Прошло много времени, по крайней мере костер успел потухнуть, а луна – проделать изрядную часть своего пути вслед за солнцем на запад, прежде чем Конана разбудили таинственные звуки, шедшие из темноты: едва различимые из-за журчания ручья шорох и присвистывания.

Проснувшись, Конан продолжал лежать неподвижно. Затем, плотно сжав рукоятку лежавшего рядом с ним ножа, он осторожно повернул голову, пытаясь рассмотреть непрошеных гостей.

Судя но запаху, они вполне могли оказаться овцами. Когда киммериец рассмотрел движущиеся в темноте тени, он поначалу утвердился в своих предположениях, но затем его насторожило то, насколько безмолвно двигались эти «овцы». Ни блеяния, ни стука копыт по камням не доносилось до его ушей. А кроме того, в их передвижениях было слишком много целеустремленности для примитивной скотины: неведомые создания явно намеревались окружить лагерь Конана.

Вдруг его верблюд проснулся и сердито запыхтел и зафыркал. Но стоило ему подняться как несколько теней совсем не по-овечьи метнулись к нему: встав на две конечности, они пытались завалить животное на бок, чтобы не дать ему уйти.
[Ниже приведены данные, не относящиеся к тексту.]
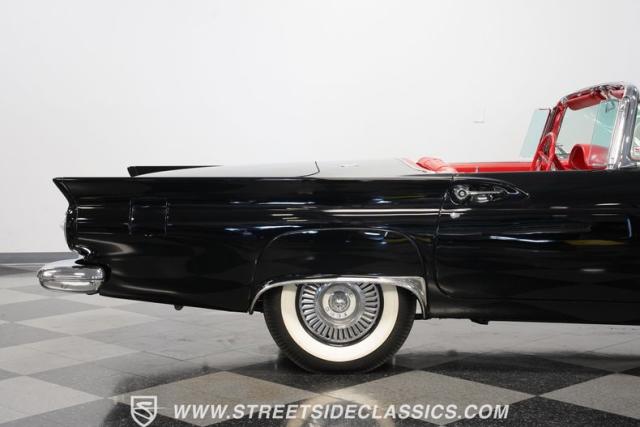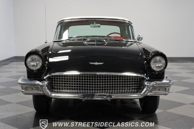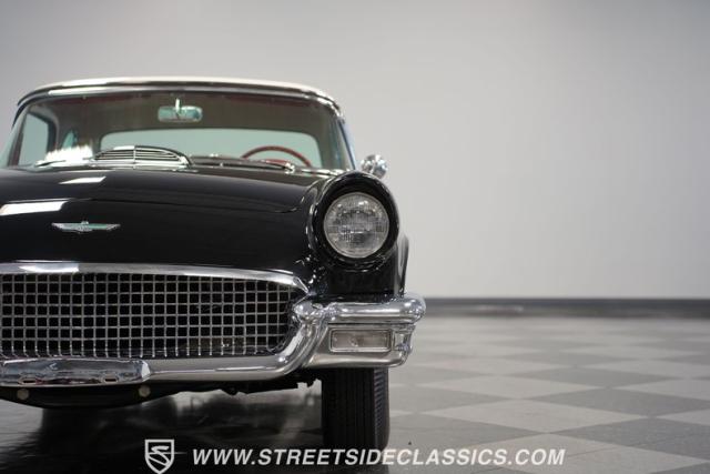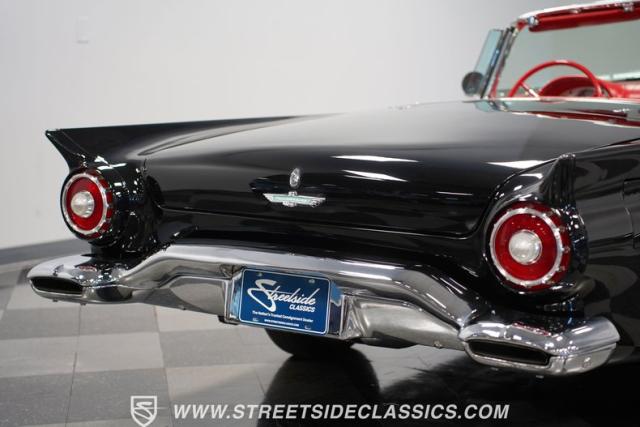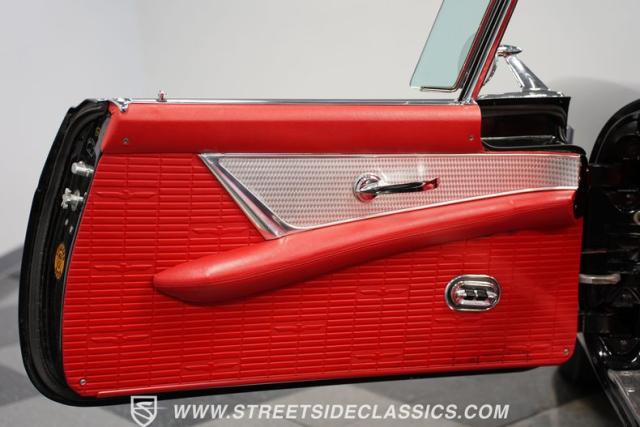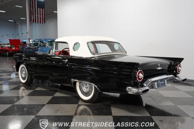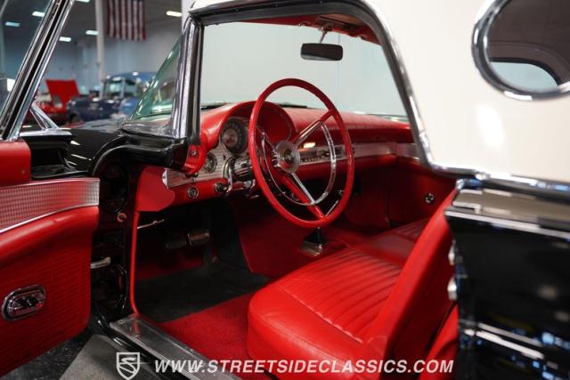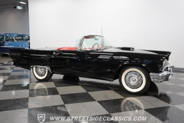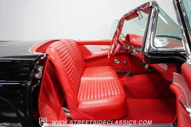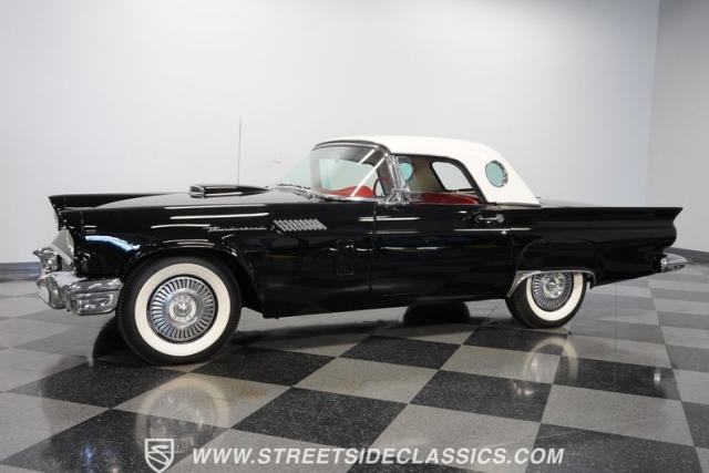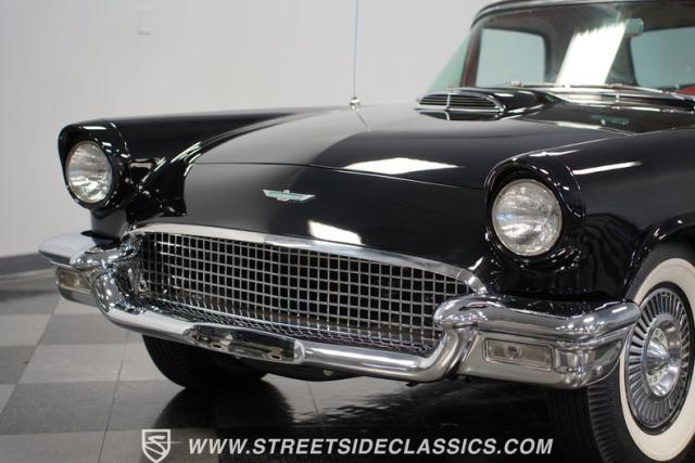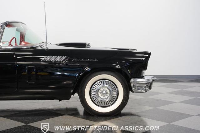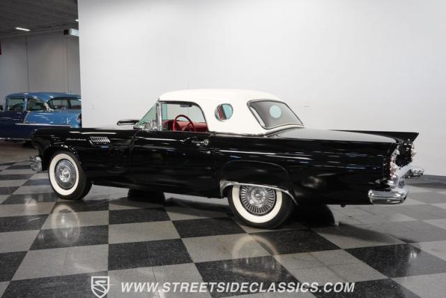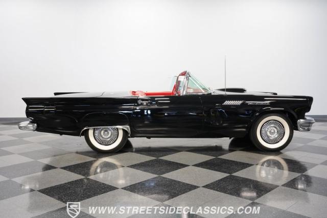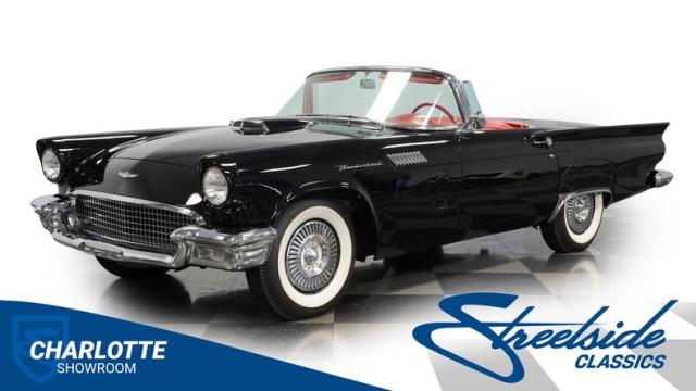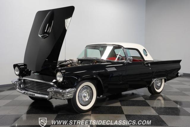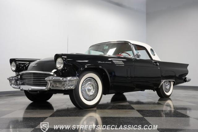 The 1957 Ford Thunderbird F Code hails from an era when cars were all about personality. It boasts a supercharged 312 V8 engine, a Flame Red interior as inviting as a classic diner booth, and a Raven Black exterior with a removable white hardtop. This look mirrors the sleek sophistication of the \'50s. Feel the pulse of the \'50s with every mile. Call today!

Перекатившись с боку на бок, Конан вскочил и одним взмахом ножа перерезал веревку, удерживавшую верблюда на месте, предоставив ему самому спасаться бегством от нападающих. Развернувшись лицом к нападавшим, остановившимся в нескольких шагах от него, киммериец наконец рассмотрел их.

Больше всего они походили на обезьян, ставших на задние ноги. Грязные хламиды, затянутые на поясе, составляли их одежду. Но не только это напоминало об их родстве с людьми: явно совместная деятельность, крики, походившие на какой-то примитивный язык. Не все их тело было покрыто шерстью, а кроме того, и это сейчас больше всего беспокоило Конана, они знали, что такое оружие. Многие стояли, держа в руках камни, кое-где мелькали булыжники, привязанные к палкам, – подобие булавы или топора.

В темноте их лица, выглядывавшие из-под грязных волос, больше походили на обезьяньи. Длинные но неровные ряды зубов вырисовывались за бесформенными губами, покрытыми, как и вся их кожа, язвами и струпьями.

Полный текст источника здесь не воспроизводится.